* **THE PROBLEM**
After locating the line containing "イメージ拡大 イメージ拡大 niva" in the entries below, please write out that line and the rest through the end exactly. Omit pictures.

(Extracted data entries)
+---+
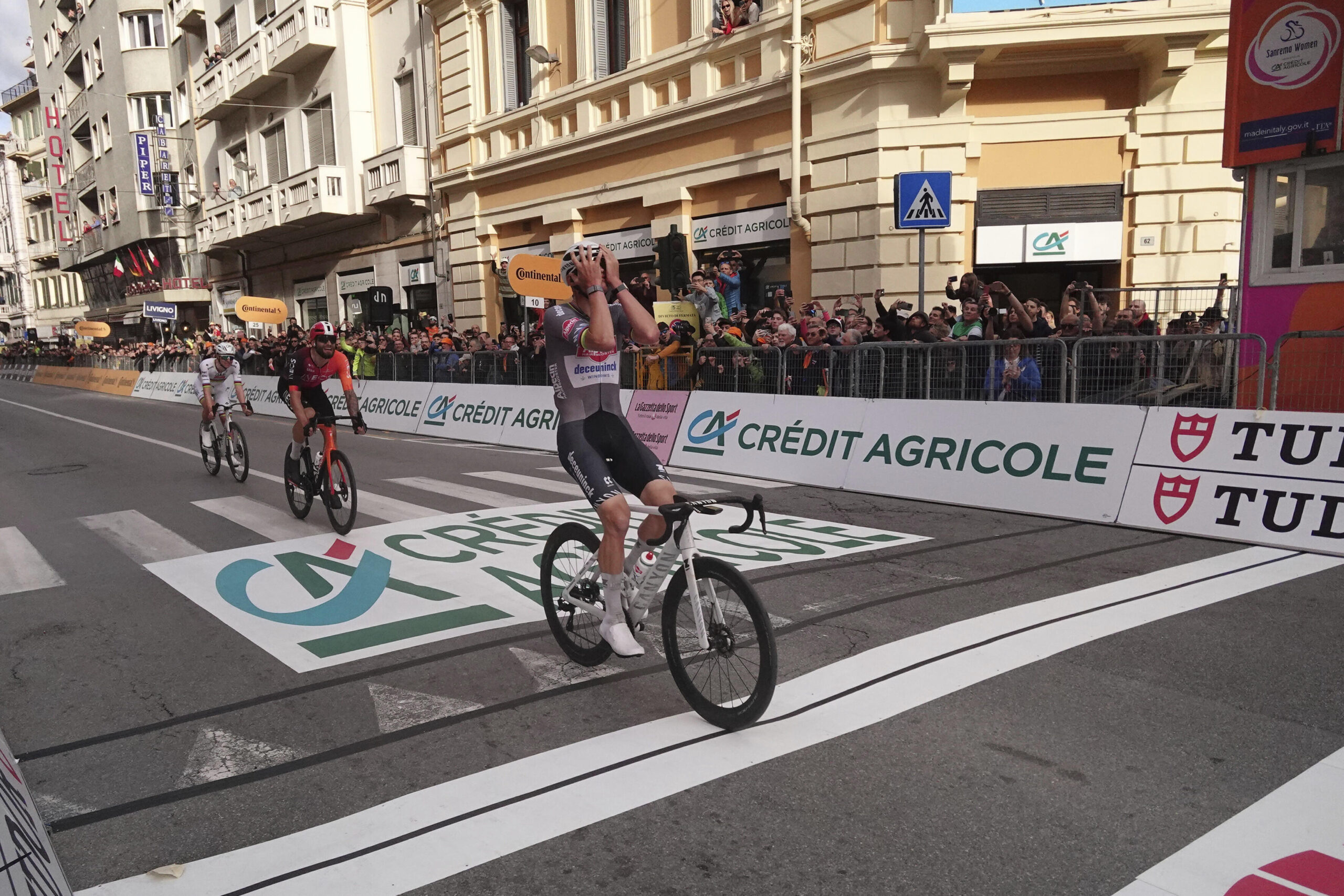 22.03.2025, Italien, Sanremo: Mathieu van der Poel (r-l) überquert vor Filippo Ganna und Tadej Pogacar die Ziellinie und gewinnt. Foto: Massimo Paolone/LaPresse/dpa
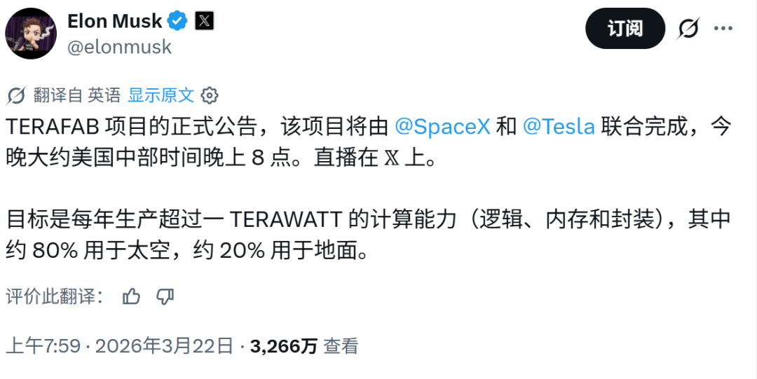 March 21: Musk announced the Terafab plan—a joint venture by Tesla, SpaceX, and xAI to build the world’s largest chip manufacturing facility in Austin, Texas, targeting annual production of 1 terawatt (1TW) of AI computing power, roughly half of the current global total capacity.
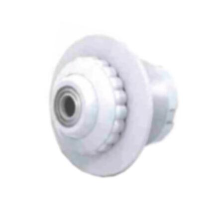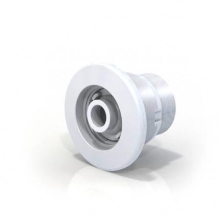 Retorno orientable Vulcano para piscina de hormigón. Posee aro desmontable blanco, cuerpo con rosca hembra de 1 1/2" y boquilla esférica con pico de ø19 mm para ser instalado por debajo del nivel de agua. Diseñado para producir flujo en dirección al skimmer o toma de fondo, y así, favorecer a la limpieza y filtrado de la pileta.
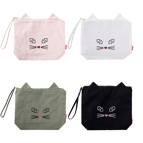 イメージ拡大 イメージ拡大 niva ニヴァ キャットポーチ cat pouch ピンク/ホワイト/カーキ/ブラック おむつポーチ コスメポーチ 小物入れ 撥水
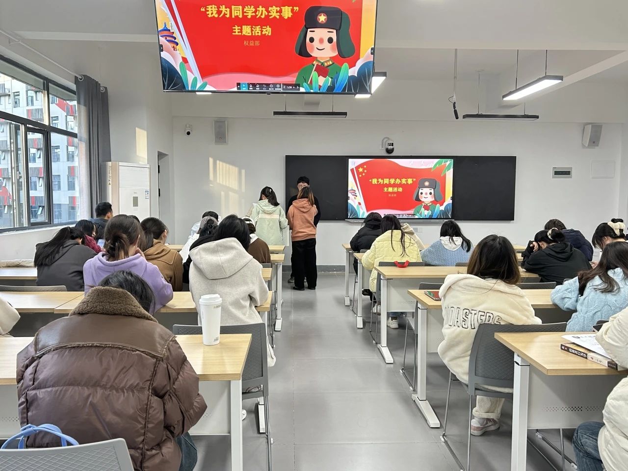 在观影活动结束后,由部长展示维权相关知识小题目,同学们通过学习通抢答的方式回答问题,回答正确的同学们都得了一份小礼品。
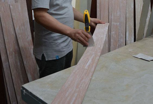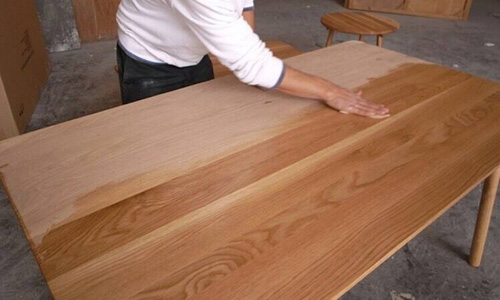 使用调配好的腻子,再用牛角板将腻子刮入钉眼、裂纹当中,等待腻子干透之后,使用砂纸顺着木纹轻轻打磨一遍。在打磨过程中,记住将钉眼以外的腻子完全磨掉,避免将钉眼扩大化,最后把粉尘清理干净。
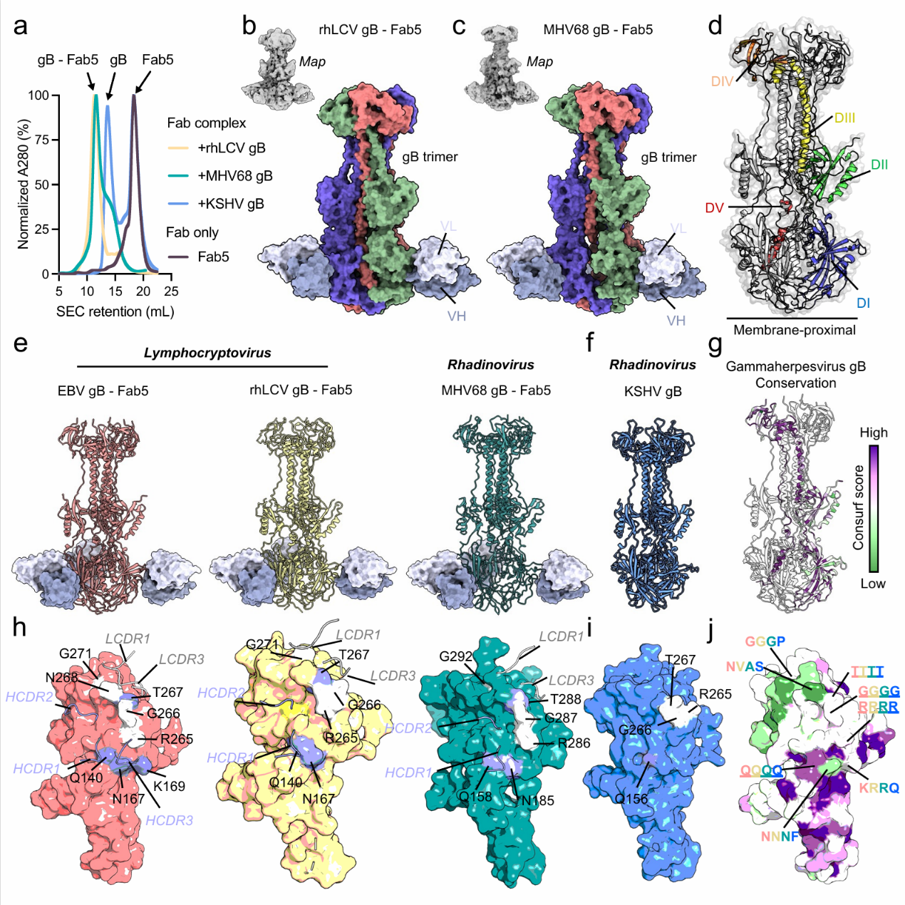 图2. Fab5识别γ疱疹病毒gB保守中和表位
+---+
* **YOUR SOLUTION**
 イメージ拡大 イメージ拡大 niva ニヴァ キャットポーチ cat pouch ピンク/ホワイト/カーキ/ブラック おむつポーチ コスメポーチ 小物入れ 撥水
 在观影活动结束后,由部长展示维权相关知识小题目,同学们通过学习通抢答的方式回答问题,回答正确的同学们都得了一份小礼品。
 使用调配好的腻子,再用牛角板将腻子刮入钉眼、裂纹当中,等待腻子干透之后,使用砂纸顺着木纹轻轻打磨一遍。在打磨过程中,记住将钉眼以外的腻子完全磨掉,避免将钉眼扩大化,最后把粉尘清理干净。
 图2. Fab5识别γ疱疹病毒gB保守中和表位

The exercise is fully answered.